07 October 2005

Rememberin' Sam

How time changes things. It used to be I'd feel guilty for not posting once a month. Now 10 days go by, and I start wondering why I'm ignoring the ol' blog. Not that I think I've got a devoted daily readership, but it's nice to know that folks who do drop by get a new experience with each visit.

Things haven't been all sunshine and roses lately. My great-uncle Sam Bushman passed away almost 2 weeks ago. We found out he'd been admitted to the hospital on Saturday 9/24 after pretty much not eating for two weeks. He was in the late stages of throat cancer and could barely speak. He wasn't conscious when we came to see him the next day, but it was nice to say goodbye while he was still breathing. He lived long enough to catch the entire Eagles-Raiders game, including the thrilling finish when David Akers kicked through the winning field goal with a torn hammy.

Sam was one of the original old-school press agents in Philadelphia. He worked pretty much up until the end, at 91, on his old manual typewriter. His passing got mentions in both the Daily News and The Philadelphia Inquirer. Here's Inquirer blogger Dan Rubin's piece on his passing.

Neat stuff, but I only knew about it all peripherally. Sam and my late grandfather, Lester, weren't very close despite their proximity.
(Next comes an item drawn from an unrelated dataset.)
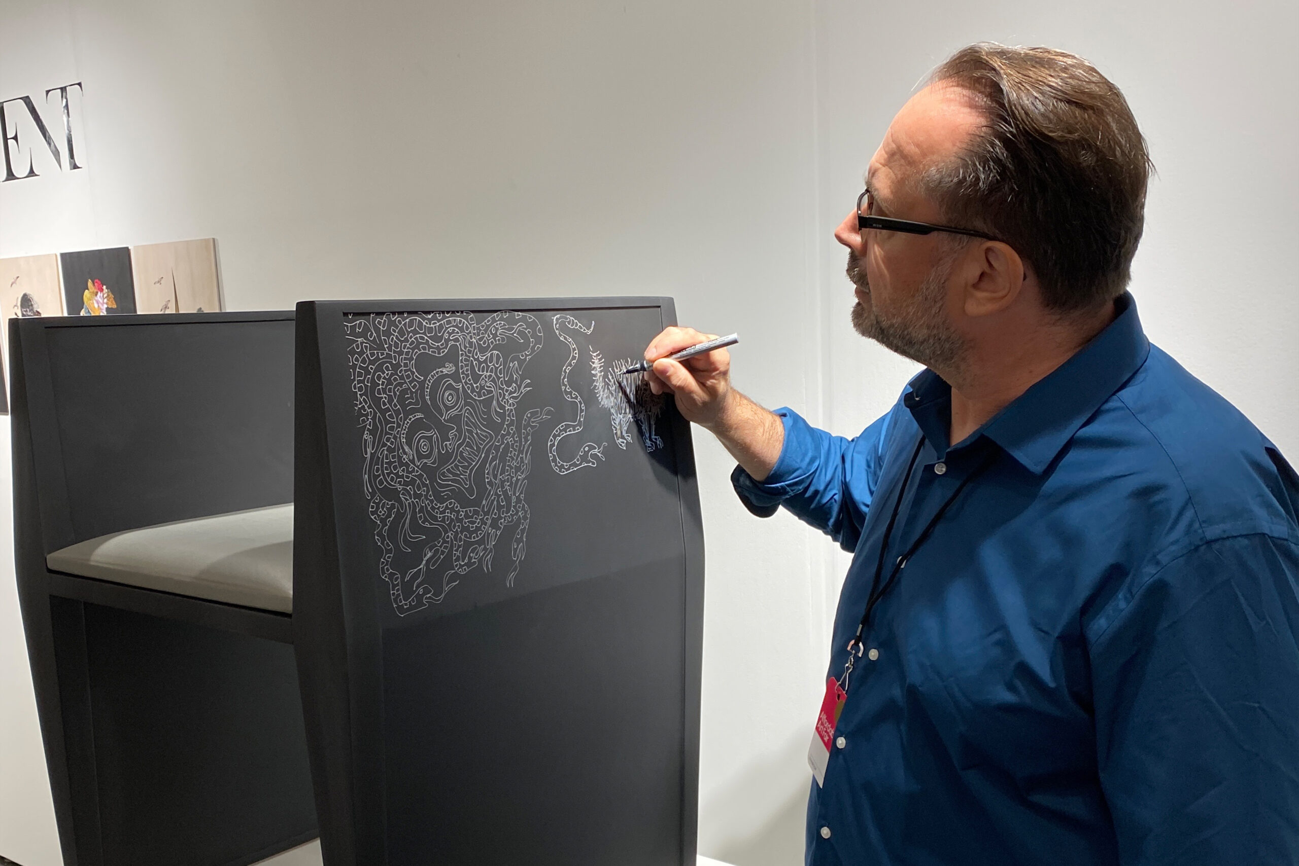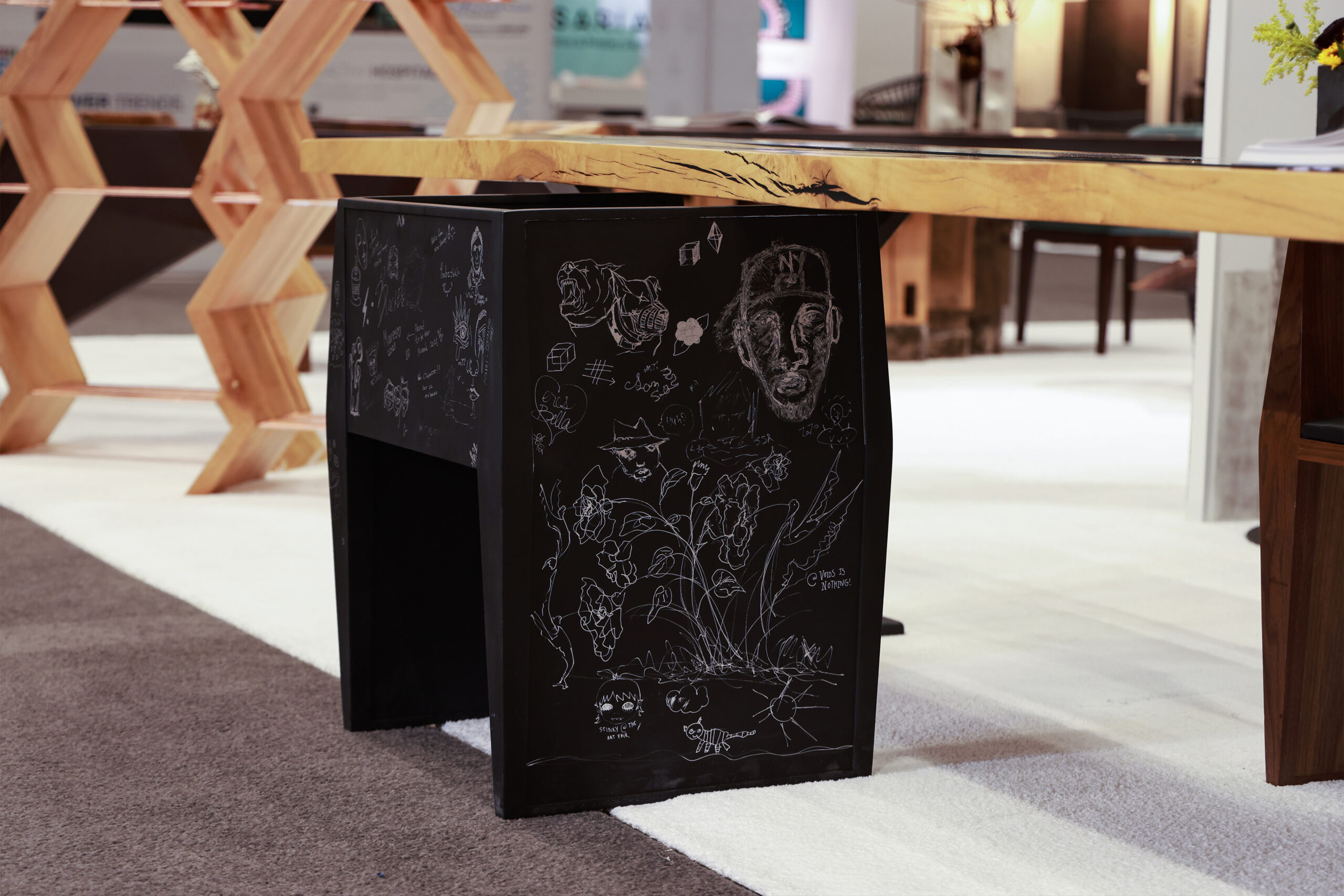 Central to this experience was the Sapience Chair, reimagined as a blank slate for audience contributions. Crafted in the Brooklyn workshop under the vision of SENTIENT’s cofounder and creative director Nersi Nasseri, the chair provided the perfect balance of structure and fluidity to inspire creativity. Fully customizable in size, material, and finish, the Sapience Chair embodies SENTIENT’s dedication to craftsmanship and versatility. At the fair, it became more than furniture—it was a platform for collaborative artistry, a testament to the possibilities of merging functional design with personal expression.

I saw Sam once a year or so at Passover or Rosh Hashanah. I was one of the chuppah holders at his wedding to Brenda Freedman (who attended high school with my father). Sam talked about his work as much as Grandpa Les showed off his artwork, which is to say never. He was always more interested in what his nephews and nieces were doing with their lives.

At the funeral, I found out that he had been very close with Brenda's nieces (given Sam and Brenda's age disparity, this wasn't too surprising), but it was very strange to hear tales told about an uncle that I didn't really know. Strange in a good way, that is. I felt a little guilty sitting in one of the dozen or so "mourner's chairs" when these folks who knew the man so much better than I were standing. I wish I'd had longer to talk to the nieces, but I had to get Howie back to the airport. Perhaps another time.